RECALL OR LABELING BIAS
Another way we incur bias in unmanipulated primary data is through inconsistent labeling or annotation of an otherwise representative data set. An example of this bias occurs when self-reported race is used in establishing demographic distributions in an environment. While the group or cohort of people may be properly randomized, individuals of the same genetic makeup may consider, or report, themselves in different ways. We can also see this when the subjective thoughts of people, or incomplete models in algorithms, affect the labeling of the data, resulting in inaccurate organization of otherwise representative collected data.
An example of observer bias is what is termed “confirmation bias”. People reporting data from their own observation or experience often inadvertently selectively remember, or “cherry pick” the data. This is often the result of seeing or only recording the events that you expect to see, or want to see, because it confirms what you think you “know” to be true. It can happen when researchers go into a project with subjective or preconceived thoughts about their study, either consciously or unconsciously.
Association bias occurs when the data collected reinforces and/or multiplies existing, or consequences of, a previous bias. For example, if we decide to collect data from “quality products”, we might choose to collect samples from expensive products. Or if we want to collect data from “capable” or “proficient” people, we may collect it from a profession that had previously been populated through a racial or gender bias. This bias originates because of the post hoc ergo propter hoc (“after this, therefore because of this” fallacy). Although there are more male engineers or lawyers, this does not mean that women are not as also capable of operating in these professions, but instead, may simply have been previously excluded.
Manipulated or Cleaned Data Bias
Studies within this second trend use data sets that have been manipulated by experts in order to improve the outcome in some way. These activities present the possibility of introducing other types of bias.
Exclusion (sometimes attrition) bias is most common at the data collection or preparation stage. Often it is the result of the post-randomization rejection of valuable data, or data sources, that are thought to be errant, troublesome, or spurious. Sometimes categories of data that represent a very small percentage of the group or cohort, or that are otherwise problematic, are assumed to be unimportant and “clutter”, and therefore are removed. For example, if a study were designed to determine the effect of a drug upon cognitive, problem-solving or other thinking abilities, a group or cohort of randomized patients might be assembled. However, if an assistant or technician disqualified candidates because they were not efficient or punctual in completing the screening procedures, individuals desired in the study might inadvertently be excluded.

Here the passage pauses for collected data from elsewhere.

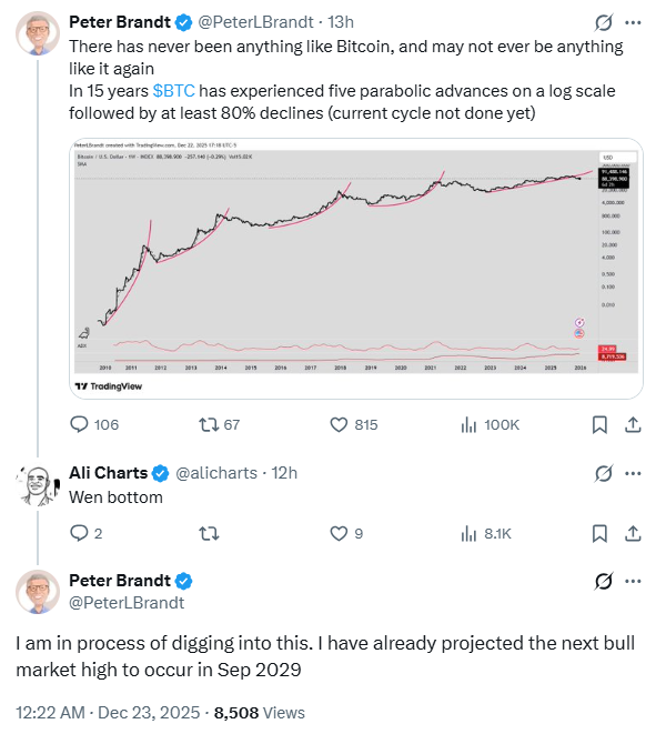 Brandt认为当前市场周期仍在延续,并解释称此次下跌可能尚未触及最终低点。在回应其他分析师提问时,他表示仍在复核数据,但确认其长期预测指向下一轮牛市高点将出现在2029年9月前后。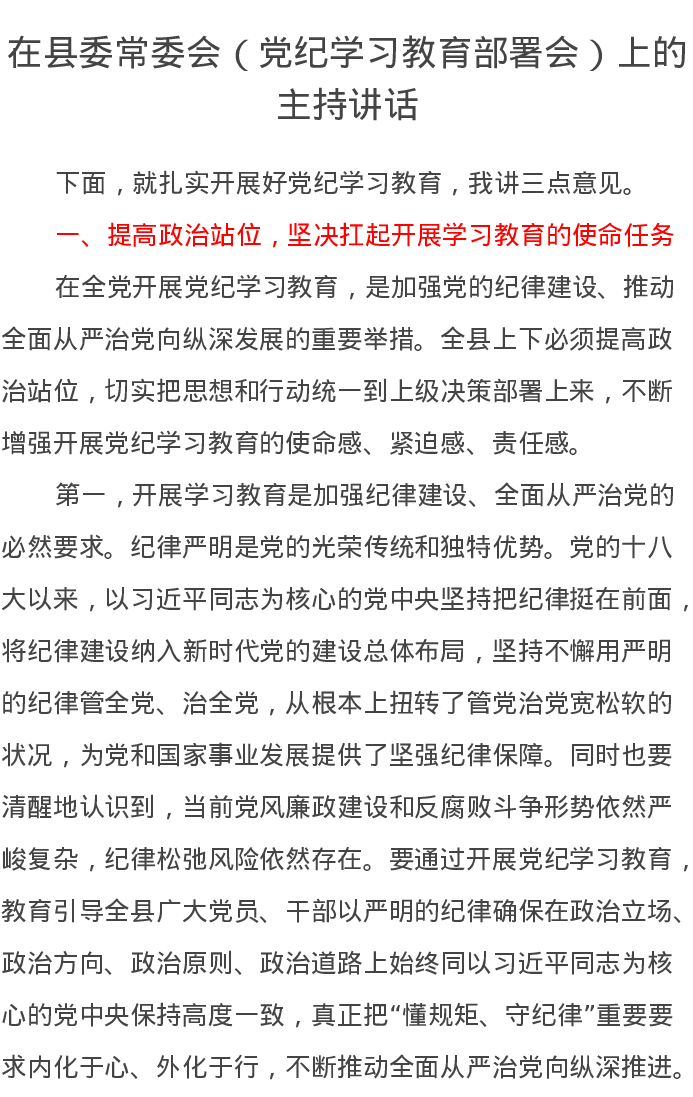 在县委常委会(党纪学习教育部署会)上的主持讲话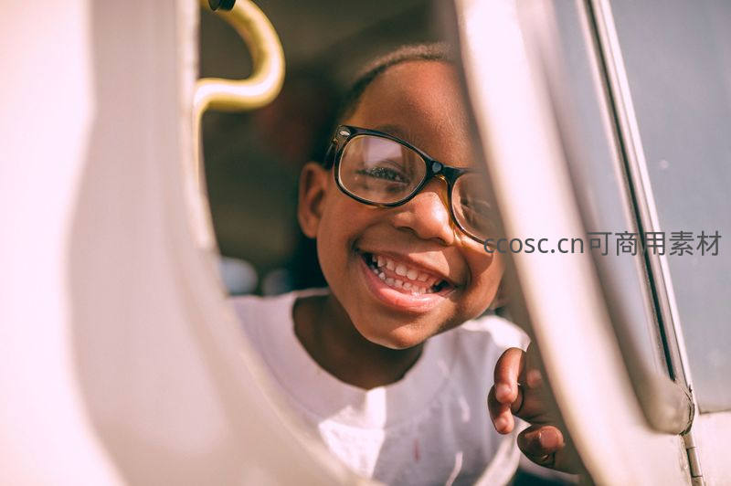 一个戴着眼镜的小男孩从车窗探出头来,露出灿烂的笑容,阳光洒在他脸上,充满童真与旅途中的喜悦。

Algorithms may also display an uncertainty bias. Here a calculation or model may select, emphasize or present a more confident assessment where better (e.g., larger) data sets are available. This can skew processes toward favoring results from cohorts that simply provide results with a greater confidence level, and de-emphasize results from cohorts that might in fact be the better choice.
In generating data for use in modeling or analysis, transparency in sources and methods is imperative. We must strive to identify areas and sources of potential bias and identify decisions that may create bias. We must consider the potential for bias to impact decisions across the product ecosystem influencing use, diagnostic, and/or product design. Finally, we must ensure that the final employment of conclusions, models or products conform to the constraints introduced during the generation and application of the data sets in the system of product development.